= Abigail (ship) =

English merchantman (1615–39)

Abigail was an armed merchantman in the 17th century. Initially a privately-owned ship, Abigail had a brief spell in the Venetian navy, and was later requestioned by English Royal Navy. Following two short spells with the navy, Abigail was used by privateer David Kirke in his voyages to French Canada. She was lost in a cyclone off of the coast of Saint Kitts in 1639.

== Construction ==
Abigail was constructed in c. 1615 at an unknown dockyard on the River Thames, initially as a merchantman in private ownership.

== Career ==
Abigail made her maiden voyage in 1616, returning to her home port of London on 24 December 1616.

=== Venetian service ===
In February 1618, a deal was agreed for Abigail to be hired by the Venetian navy, which came into effect on 18 March. Abigail departed London as part of a squadron of seven hired vessels on 8 April, arriving at the Venetian stronghold of Corfu nine or ten weeks later. Abigail's contract was extended until August 1619, at which time she returned to England.

=== Virginia Company ===
In 1620 the Virginia Company charted Abigail to carry colonists and goods to Virginia. Abigail's captain, Each, proposed a more ambitious venture that would see Abigail proceed from the colony to Blunts Point, where the crew would build a blockhouse to provide the colony with strategic control over access to the James River. Abigail finally set sail in 1622; the crossing was beset by problems including overcrowding, disease, and the discovery that the ship's beer supplies were contaminated. Abigail arrived in Virginia in January 1623, and shortly after, Captain Each died. With no designated successor for Each, the plans for the blockhouse were soon abandoned, and Abigail sent home. Upon her arrival back in London, Abigail's owners became embroiled in a dispute with the Virginia Company.
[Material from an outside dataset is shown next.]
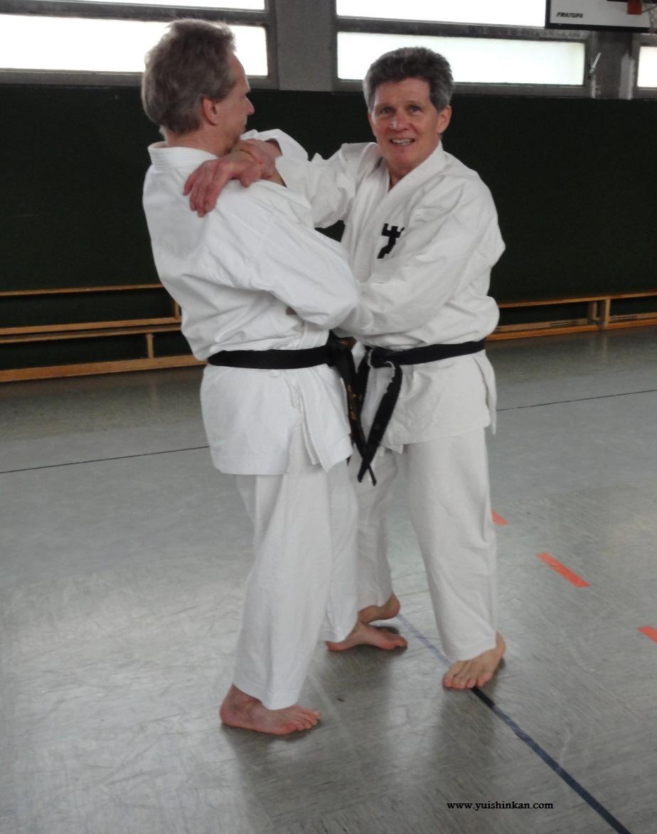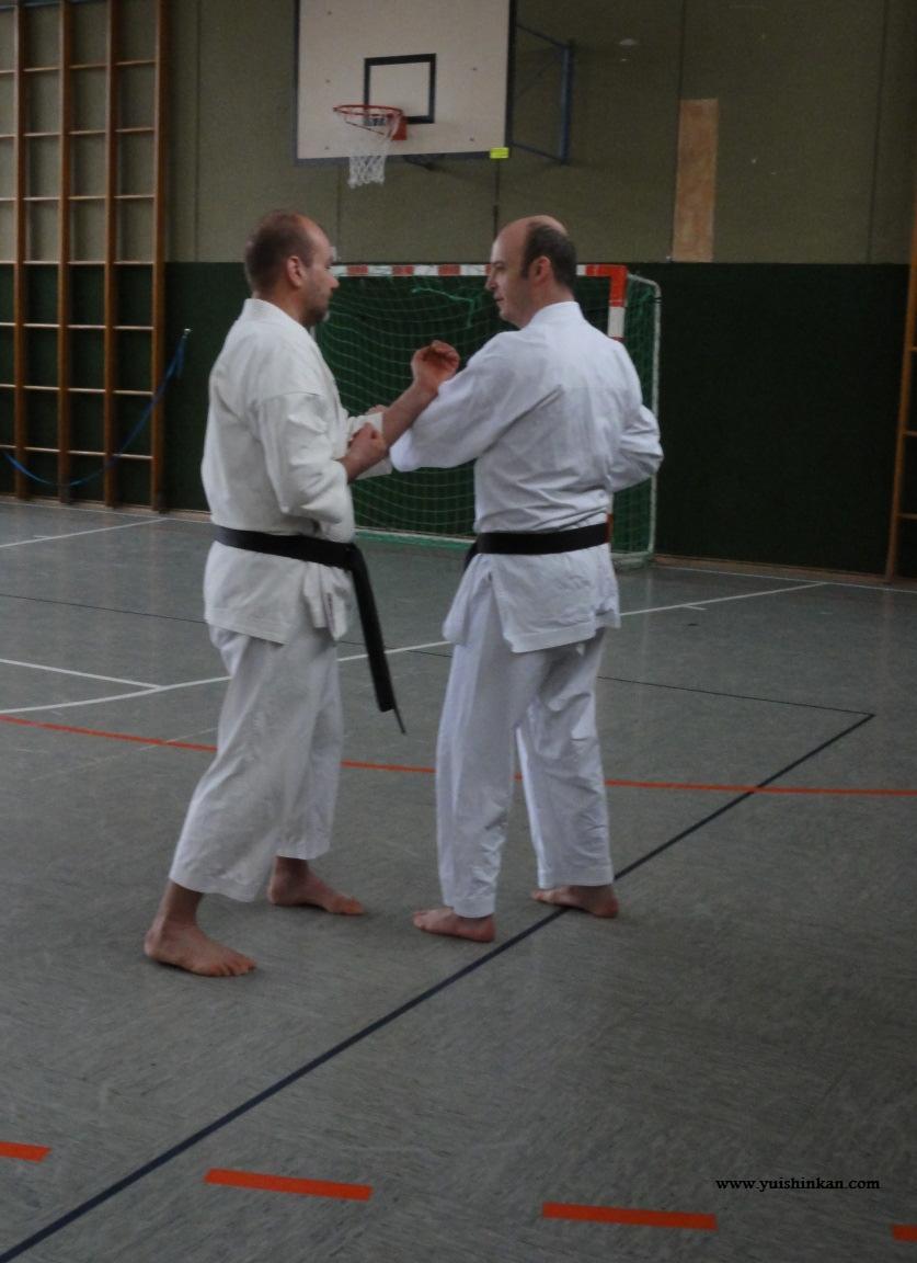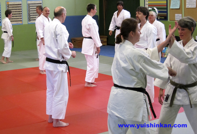 Nach der Kaffeepause wurde die Gruppe geteilt. Während Fritz Nöpel die Späteinsteiger im Makiwara-Training unterwies, ließ Martin Nienhaus die Jukuren Partnerformen üben, und zwar anhand der Tiere in der Kampfkunst. Es wurden verschiedene Varianten mit Partner und als Selbstverteidigung im Kreis trainiert, wobei nicht nur die typischen Techniken und Bewegungsabläufe erarbeitet wurden, sondern auch die Vielfalt deutlich wurde, die in den einzelnen Techniken und Kombinationen steckt.

The scandal likely damaged the ship's reputation.

=== Military service ===
In June 1625, Abigail was requisitioned by the Royal Navy, and sailed with the fleet that brought Henrietta Maria from France. In 1626 she was again requisitioned by the Royal Navy, as part of a squadron of requisitioned merchant ships that was dismissed before setting to sea.

=== Privateering ===
During the Anglo-French War of 1627–1629, Abigail was one of a number of ships acquired for a privateering company in the ownership of Sir William Alexander and Gervase Kirke. Letters of marque were issued on 17 December 1627. Abigail herself was commanded by David Kirke, and took part in a series of raids throughout the Gulf of St Lawrence in 1628, seizing control of all the French settlements in the area except Quebec, and participating in the action of 17 July 1628. Kirke would return the following year and capture Quebec, almost certainly still in Abigail.

=== Later career ===
Following the end of the war, Abigail returned to merchant service, and in the early 1630s traded with Mediterranean ports including Malaga and Zante.

In mid-July 1635 Abigail sailed from London for New England, arriving safely in Massachusetts Bay.

Abigail departed on her final voyage in c. March 1639, destined for the Caribbean. Following a troubled voyage in which a number of crew members died, Abigail anchored off of Saint Kitts. There, she struggled to sell her goods, and so she was still at anchor when a hurricane struck. Abigail was lost with an almost complete loss of lives among the crew.